Monday, August 4, 2014

Scanners (1981)


As a child a horror clip-show documentary entitled “Terror in the Aisles”, which was marvelously hosted by Donald Pleasance and Nancy Allen, got me hooked on horror films forever. Within that documentary an image of a man’s head exploding burned its way into my retinas and I knew I had to view whatever film it came from. Thankfully my mother knew exactly what film it was as she saw it in the drive-in as a high schooler. The film was called “Scanners” and soon I found myself scouring the local video stores like a ravenous wolf to rent a copy. After a couple of stops I found it and not only was I graced with an intriguing film enunciated by the famous exploding head sequence, but it was also my first David Cronenberg experience, a director I would come to have a small obsession with.
“Scanners” tells the story of a vagrant named Cameron Vale (Stephen Lack), a man that has spent most of his life roaming the streets in a perpetual fog suffering a from a constant yammering of voices talking in his head and some form of telekinesis. After being caught, a doctor informs him that he is a scanner. It’s a mutation of sorts caused by a birth drug that when harnessed can control the thoughts and manipulate other human beings. The voices in his head can only be quelled with the congenital drug known as ephemerol.

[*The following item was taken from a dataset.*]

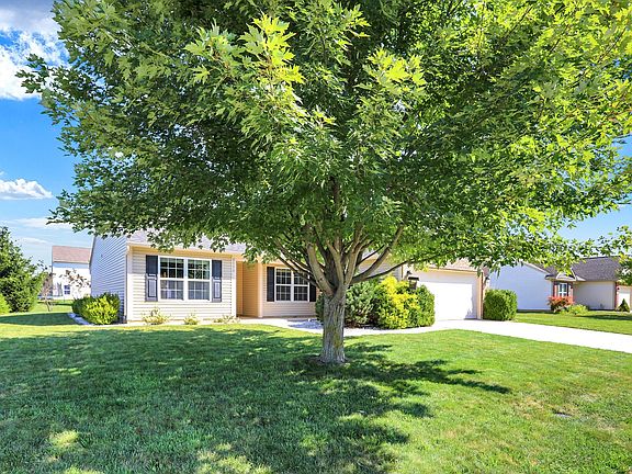 You will be impressed as you walk into this beautifully upgraded 3BR/2BA home with 1,643 square feet of living space in the sought-after Oriole Point subdivision in Avon. The recently updated kitchen features quartz countertops, 42-inch upper cabinets, and a single basin granite composite sink. The Great Room and Master Bedroom offer cathedral ceilings, while the Master Bath includes a large garden tub and marble vanities. Upgrades include a hard-wired security system, Great Room surround sound, luxury vinyl planking, and Karastan carpet. The home also features cordless blinds, a sliding door with internal blinds, and a water softener. The exterior includes a 20 ft by 12 ft concrete patio with a privacy hedge, an inviting backyard with eight trees, and fresh exterior trim paint. The roof is 5 years old, and the gas water heater was replaced 1 year ago. This quiet neighborhood offers convenience to schools, shopping, restaurants, and parks. Schedule your showing today-this one won't last long!

Of course behind this drug is the evil corporation staple that wants to use scanners as a governmental weapon and to top it off an evil scanner named Revok (iconically played by Michael Ironside) is recruiting his own Scanner army in order to.. du du du… take over the world!

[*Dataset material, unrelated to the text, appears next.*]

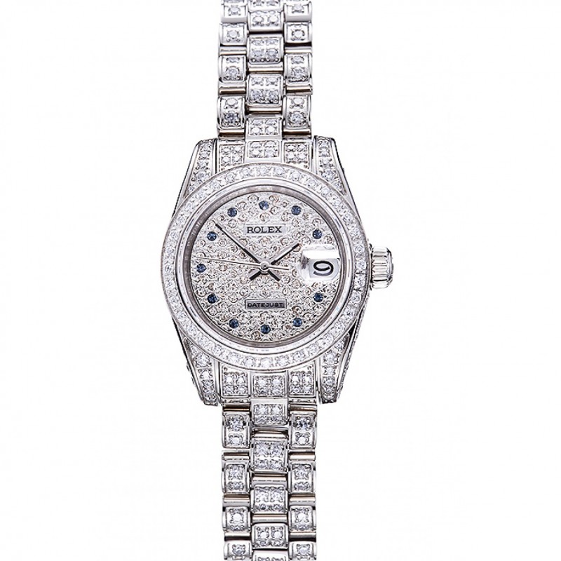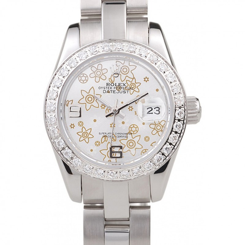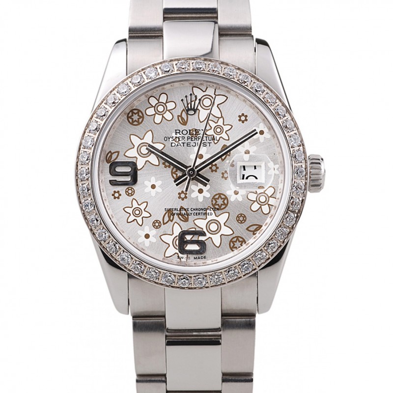 Barato Rolex Datejust de acero inoxidable pulido de plata Flores Dial Diamante plateado 98082

“Scanners”, compared to the director’s previous works like “Shivers”, “Rabid” and “The Brood”, is a bit more mainstream however it is still dripping with the Cronenberisms we all love and come to know. His films usually look at the interactions between technology and humans and how one of humanities biggest fears is their body turning against them. That is all present including Cronebergs grim outlook on the synthesis of man and machine, that the humans simply do not know enough or if they do, their arrogance has them charging headfirst into detrimental experiments. Basically "Scanners" is “Cronenberg 101” and is good starting point for anyone wanting to get into what Cronenberg films have to offer as it is a little more accessible than his films prior and some to come without overwhelming the viewer.

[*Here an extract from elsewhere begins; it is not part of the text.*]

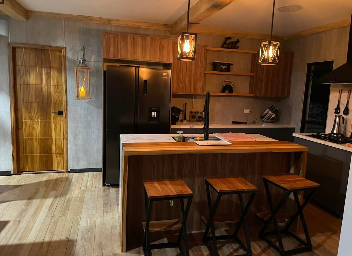 Un exclusivo glamping de cabañas elegantes en medio de las montañas, construidas con piedra, muy cercana a la turística ciudad de Baños. Atendidas personalmente por los dueños Patricio y Lily. Con vistas al volcán y al río, perfecto para los amantes de las caminatas y el aire libre. Estratégicamente ubicado, permite disfrutar de la naturaleza y explorar atracciones cercanas. El diseño interior refleja encanto rústico, proporcionando un refugio lujoso tras las actividades al aire libre.

The cast, for the most part, is great. Including the lovely and elegant Jennifer O’Niell as the scanner love interest, Patrick McGoohan as the strangely aloof Dr. Ruth and Michael Ironside in his career defining role as the off-balance villain. Stephen Lack as our lead however lives up to his name as he lacks in every department for giving an unremarkable and un-charming performance. Seriously this guy has as much charisma as a bed frame and gives a new meaning to the term “wooden”. Some people stick up for his performance as this is exactly what a confused homeless person would act. I don’t buy it and the film suffers tremendously from it. Thankfully there is Michael Ironside to make up for this miscasting for the lead as the film wouldn’t be half as good without him.
Overall “Scanners” is a solid independent film and I’m glad it was my first foray into the wacky mind of David Croenberg. The slightly tamed “off-the-wall” ideas and lack of depraved sexuality made it far more accessible than his other works around the same era, but at the same time includes all the main staples that we have all come to love from the guy. To top it off it includes one of the sickest and most memorable gore sequences ever to be caught on celluloid. It may not be the best Cronenberg film, but it’s definitely a strong one and catapulted Cronenberg into the mainstream and inspired a host of cheap, and sometimes good, sequels about a decade later. Sequels go as follows: “Scanners II: The New Order”, “Scanners 3: The Takeover”, “Scanner Cop” and “Scanners: The Showdown”.